What to produce
For this exercise, retype the lines from the one that holds "- Contains: Single" through the one that holds "Titel: Del av" in the records below, both included, exactly and without pictures.

Data extracted from a collection:

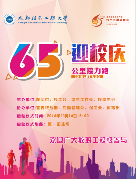 为喜迎三亿网建校65周年华诞,表达全体师生的爱校之情,展示成信人昂扬向上的精神风貌,学校特举办“成信加油”迎校庆65公里接力跑活动。活动将于10月14日下午正式启动,现将有关事项通知如下:
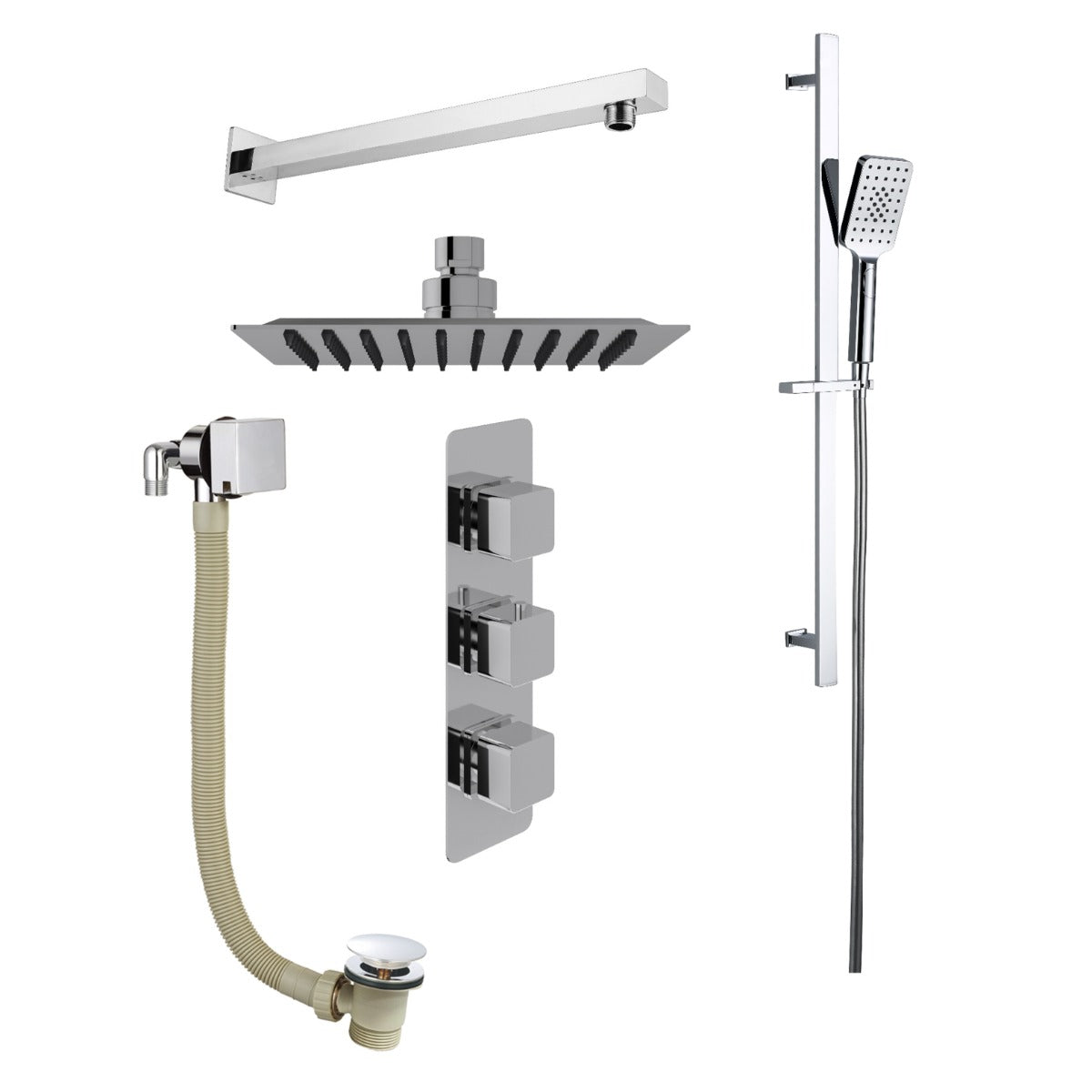 - Contains: Single outlet concealed valve, slide rail kit and elbow, 200mm shower head, wall mounted arm, bath overflow filler
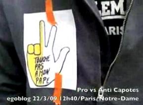 Voici donc ce que certains nervis d’extrême droite, venus faire le coup de poing, arboraient sur le parvis de Notre Dame aujourd’hui.
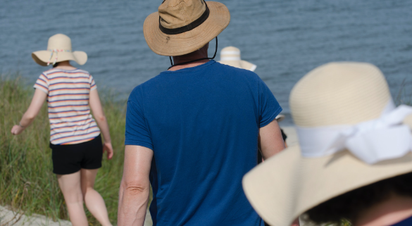 外出活动避免上午10点到下午2点,户外工作者建议每小时到阴凉处休息10~15分钟,时刻留意自身及身边同伴身体情况,避免中暑或热衰竭。
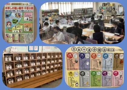 学校元気アップのボランティアの皆さまにもお手伝いいただいての図書室利用オリエンテーション2日目。図書室の本は、日本十進分類法の分類番号順に整理され、書架に整理されています。今日から、本の貸出しができます。東中では、静かに心を落ち着けて読書する時間を大切にして、豊かな心を育んでいきます。
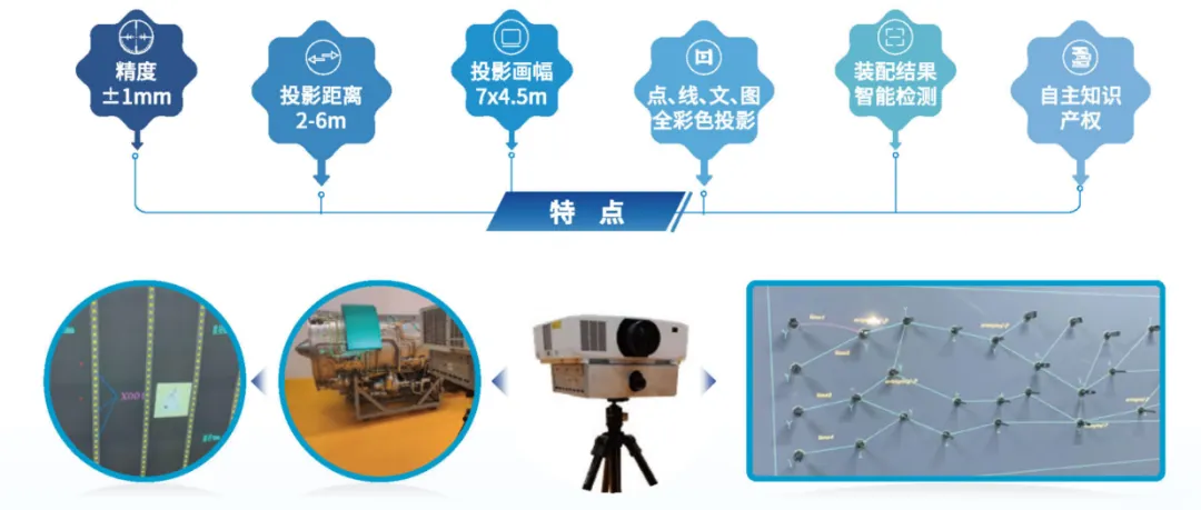 6、AR光学投影系统。 “软-硬”件一体化系统,应用于飞机壁板制孔、紧固件安装、发动机管路安装等场景,将工艺信息直接投影在产品表面,引导操作人员完成复杂装配任务,并在产品表面投影反馈装配结果,提高装配效率和质量一致性。
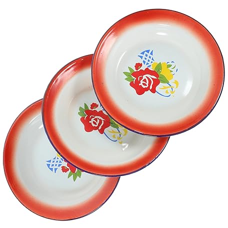 3Pcs 20Cm Vintage Style Enamelware Plates Set, Retro Floral Pattern Round Serving Dishes for Salad, Snacks, BBQ and Hotpot, Chinese Style Tableware
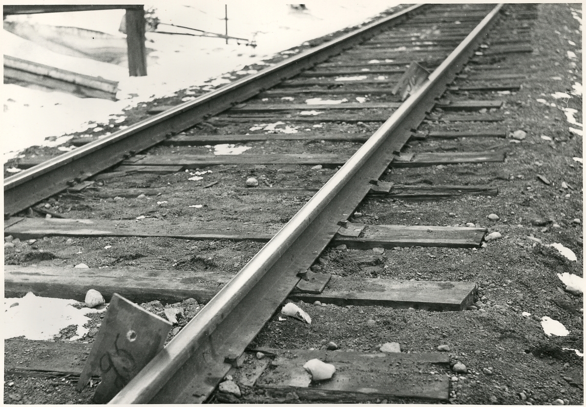 Titel: Del av bangården efter olyckan 1956-03-29 då tåg 93, 'Nordpilen, spårade ur vid Granbo station.
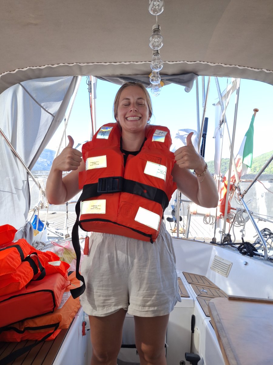 Jan versetzte die Klampe etwas nach innen, damit die Schot nicht mehr am Metall reibt. Nun glänzt die neue Lippklampe an ihrem Platz. Nebenbei räumte Janine die alten Rettungswesten (Bild) aus und verstaute die neuen. Das schuf Platz – sogar unsere Gummistiefel, bisher ungenutzt, fanden nun ihren Platz unter der V-Berth.
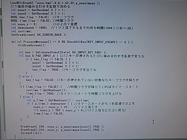 んで、その後ループ内で現在の時間からcurtimeを引いた値が1秒になったら、ぷよを1マス落とす。
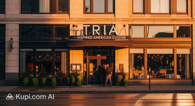 Visitors are drawn not only by the exquisite cuisine but also by the impressive bar. TRIA is famous for its wine collection (over 35 varieties available by the glass) and signature craft cocktails. The interior, featuring "fireside dining" elements, creates a unique coziness, turning an ordinary meal into a true aesthetic pleasure.

Solution to the exercise
 - Contains: Single outlet concealed valve, slide rail kit and elbow, 200mm shower head, wall mounted arm, bath overflow filler
 Voici donc ce que certains nervis d’extrême droite, venus faire le coup de poing, arboraient sur le parvis de Notre Dame aujourd’hui.
 外出活动避免上午10点到下午2点,户外工作者建议每小时到阴凉处休息10~15分钟,时刻留意自身及身边同伴身体情况,避免中暑或热衰竭。
 学校元気アップのボランティアの皆さまにもお手伝いいただいての図書室利用オリエンテーション2日目。図書室の本は、日本十進分類法の分類番号順に整理され、書架に整理されています。今日から、本の貸出しができます。東中では、静かに心を落ち着けて読書する時間を大切にして、豊かな心を育んでいきます。
 6、AR光学投影系统。 “软-硬”件一体化系统,应用于飞机壁板制孔、紧固件安装、发动机管路安装等场景,将工艺信息直接投影在产品表面,引导操作人员完成复杂装配任务,并在产品表面投影反馈装配结果,提高装配效率和质量一致性。
 3Pcs 20Cm Vintage Style Enamelware Plates Set, Retro Floral Pattern Round Serving Dishes for Salad, Snacks, BBQ and Hotpot, Chinese Style Tableware
 Titel: Del av bangården efter olyckan 1956-03-29 då tåg 93, 'Nordpilen, spårade ur vid Granbo station.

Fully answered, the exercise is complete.